There is an effort being made this morning to dig out from the hole.
Currently, the S&P futures are up 10 points and are trading 0.4% above fair value. The Nasdaq 100 futures are up 40 points and are trading 0.5% above fair value. The Dow Jones Industrial Average futures are up 46 points and are trading 2% above fair value.
Dow component Home Depot (HD) is garnering some attribution for the positive bias. The home improvement retailer put up some impressive third quarter results, which featured a 5.4% increase in U.S. comparable-store sales, and raised its FY18 revenue, EPS, and comparable-store sales guidance.
Shares of HD are up 0.9% in pre-market action. Advance Auto Parts (AAP) is another retailer that topped third quarter estimates and raised its FY18 guidance. Its stock is indicated 5.2% higher.
Good vibes from the retail space, then, are making up somewhat for the bad vibes that surrounded the information technology, financial, and energy sectors on Monday.
Another element lending some support today is a report that Treasury Secretary Mnuchin and Chinese Vice Premier Liu had a recent phone conversation geared toward trying to ease the trade tension between the U.S. and China heading into the G20 meeting at the end of the month.

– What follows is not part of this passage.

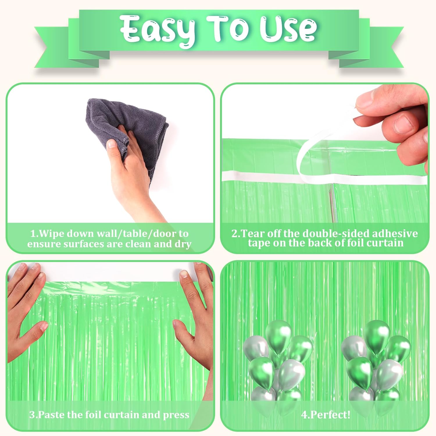 - Warm Tips: These pastel green party streamers are made with durable tinsel, stay shiny and reusable. When your package arrives, check it and contact us if anything is defective or missing, replace it fast or refund
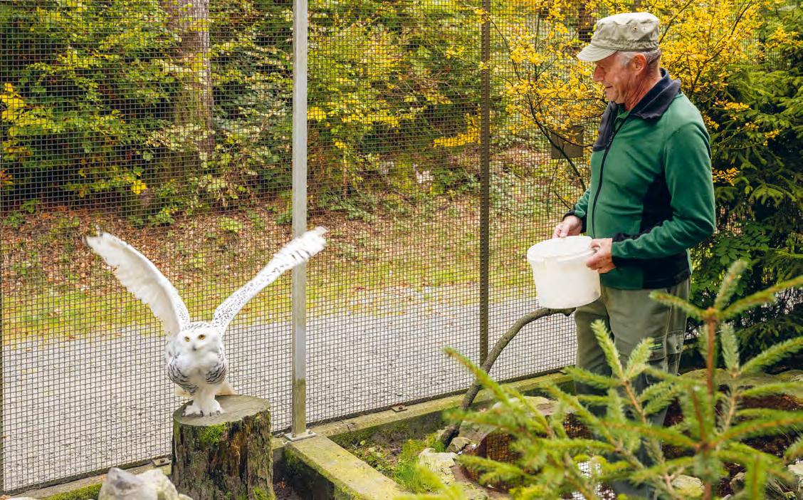 Bei uns leben Rothirsche, Gämsen, Steinwild (Böcke und Geissen), Murmeltiere, Schneeeulen aus der Tundra, ein Steinkauz, Jagdfasane – gerade haben wir acht Jungtiere – und Mandarinenten. Viele Tiere werden hier im Park geboren und wachsen bei uns auf.

That news, however, should be interpreted with a grain of salt for several reasons: (1) it isn't a surprise that back-channel conversations were happening (2) it has been previously reported that the two sides would be aiming to lower the temperature on their trade dispute going into the meeting and (3) everyone should be aware by now that words have typically spoken louder than action in the bid to resolve the trade disagreement.
Separately, we would hasten to point out that there are separate reports suggesting President Trump will be meeting with his advisors today to discuss whether to impose a 25% tariff on autos and there is a tweet from the president this morning that is critical of the tariffs France places on wine imports.
In other words, the kumbaya trade moment everyone is hoping for hasn't arrived yet.
It doesn't appear either that a bottom has arrived yet for Apple (AAPL). It is down 1.1% in pre-market trading after Goldman Sachs cut its earnings estimates and lowered its price target to $209 from $222 following Monday's warning from supplier Lumentum (LITE).
Apple's weakness remains a weight on the broader market. In the same vein, so does the continued weakness in oil prices ($59.05, -$0.89, -1.5%), which have fallen for 11 straight sessions. That weakness is pressuring the energy sector, as it is leading to questions about earnings prospects.
The latter has been at the heart of the matter for the stock market's recent struggles. Earnings prospects in general are being called into question as interest rates have risen, the dollar has strengthened, input costs have increased, and global economies have slowed.